Search code examples
configurationmesosmesosphere

Mesos dcos never allows services to start when cpu resources avg used are 71%


I have a problem where we are trying to run several services on our mesos dcos cluster and some are running spark process and some python services.
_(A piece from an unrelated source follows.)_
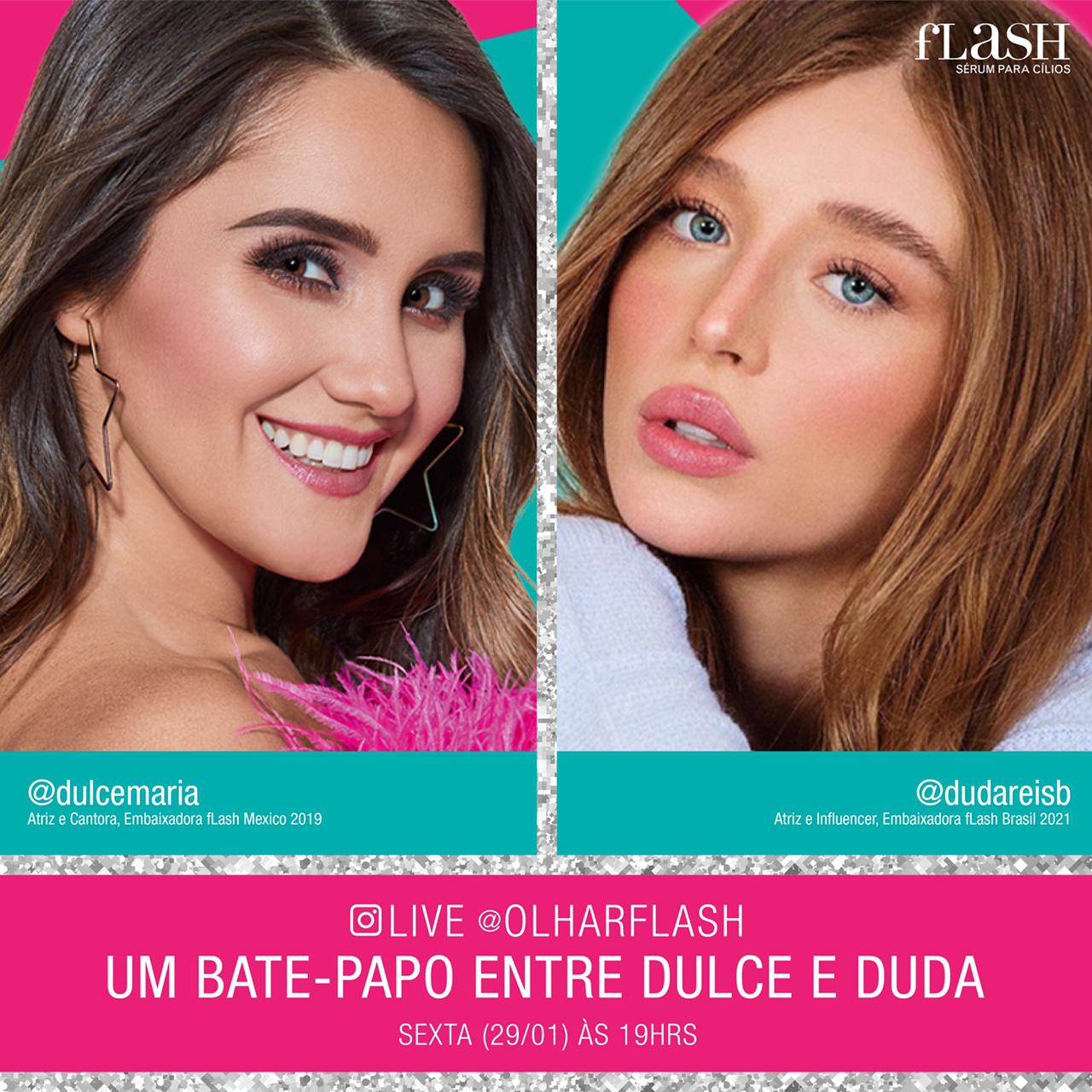 O encontro entre a cantora e atriz mexicana Dulce María e a atriz e influencer brasileira Duda Reis, na live @olharflash, no próximo dia 29, às 19h, promete. No bate-papo as duas beldades vão falar sobre tudo: carreira, autoestima, autocuidado, beleza e ainda vão revelar algumas curiosidades sobre o mundo do beuaté, em especial quando o assunto é sobre cílios.

So in our small test mesos dcos cluster we reach 70% cpus resources used multiple times per day.

And services people want to start just get hanging waiting for cpu offers that can be well met on slave nodes but for some reson are not allowed to be allocated.

A typical example would be 7 total cpus unused and 1-3 services looking for cpu offers of 0.5 to 2 cpu resources to use. that can be met. if looking on the node resource over view.
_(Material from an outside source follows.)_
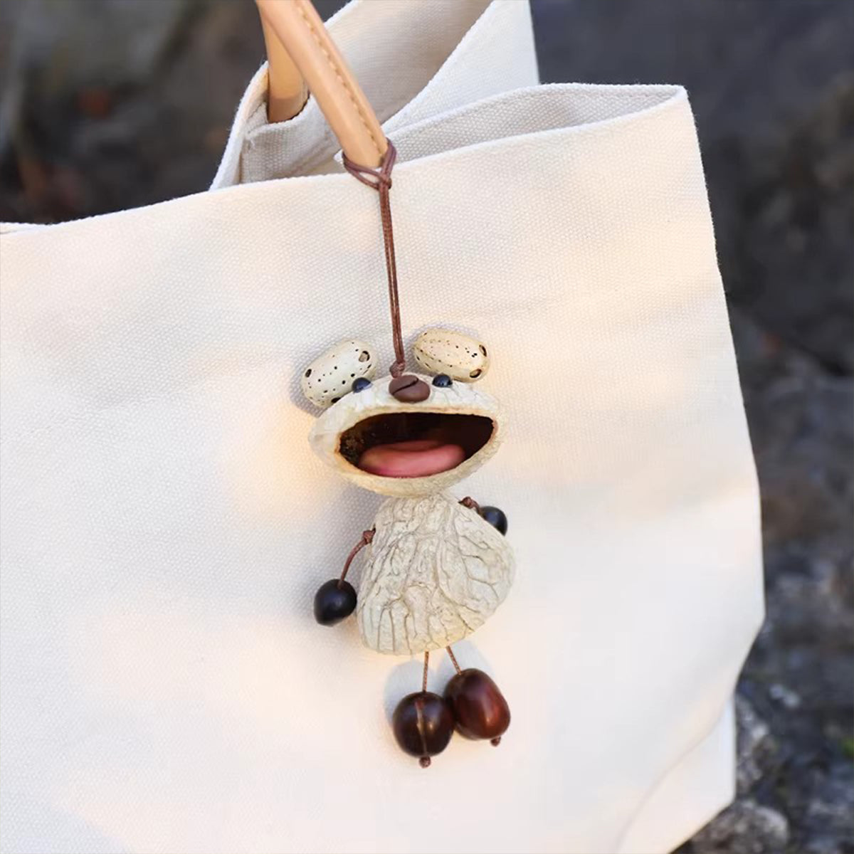Handmade Shell Big Mouth Bear Charm - Cute Bag Pendant Healing Wind Chime Gift

To my question are there a hard limit not allowing more then 70% of the cpus to be allocated at the same time?

And are there a reson for this limit what would be the effect of changing this to a higher value?

And last who do we change the limit?


Solution

  • The answer seems to be what stated in mesospheres documentation for debug scenarios 1.
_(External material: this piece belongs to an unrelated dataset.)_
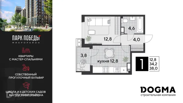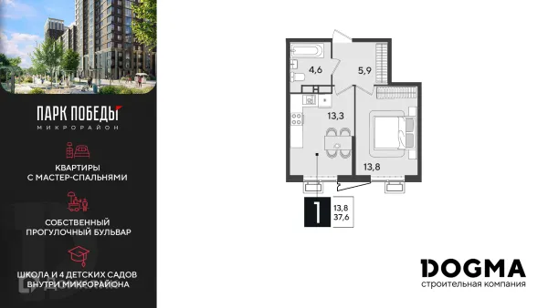1 комн. квартира в Краснодаре в ипотеку от 52 960 руб/месяц
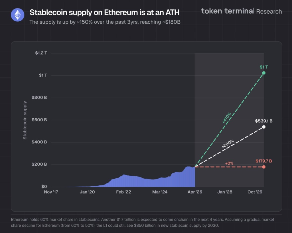 Прогнозы тоже звучат амбициозно. По оценкам аналитиков Token Terminal, в оптимистичном сценарии в ближайшие четыре года ончейн может «переехать» до $1,7 трлн. Даже если доля Ethereum снизится до 50% (что вполне реалистично на фоне роста конкуренции), это всё равно означает около $850 млрд потенциальных притоков к 2030 году.

    But instead of the problem being a role problem or that we are trying to just allocate straight up more then the cluster can handle. https://docs.mesosphere.com/1.11/tutorials/dcos-debug/scenarios/scen-1/ the problem was that some of our service are keeping cpu resources in reserved.

    reserved_resources":{"cassandra-role":{"disk":10496.0,"mem":5152.0,"gpus":0.0,"cpus":1.6,"ports":"[7000-7001, 7199-7199, 9042-9042]"} "kafka-role":{"disk":5256.0,"mem":2080.0,"gpus":0.0,"cpus":1.1,"ports":"[1025-1025]"}}

    giving a total of 2.8 or in mesos 2.81

    given that the slave node in this case have a maximum of 4 cpus remning in should should be 1.19 and that is the amount that i can request and still get the resources.

    This was quite misleading when trying to find the answer because the GUI only shows the the used and not the reserved.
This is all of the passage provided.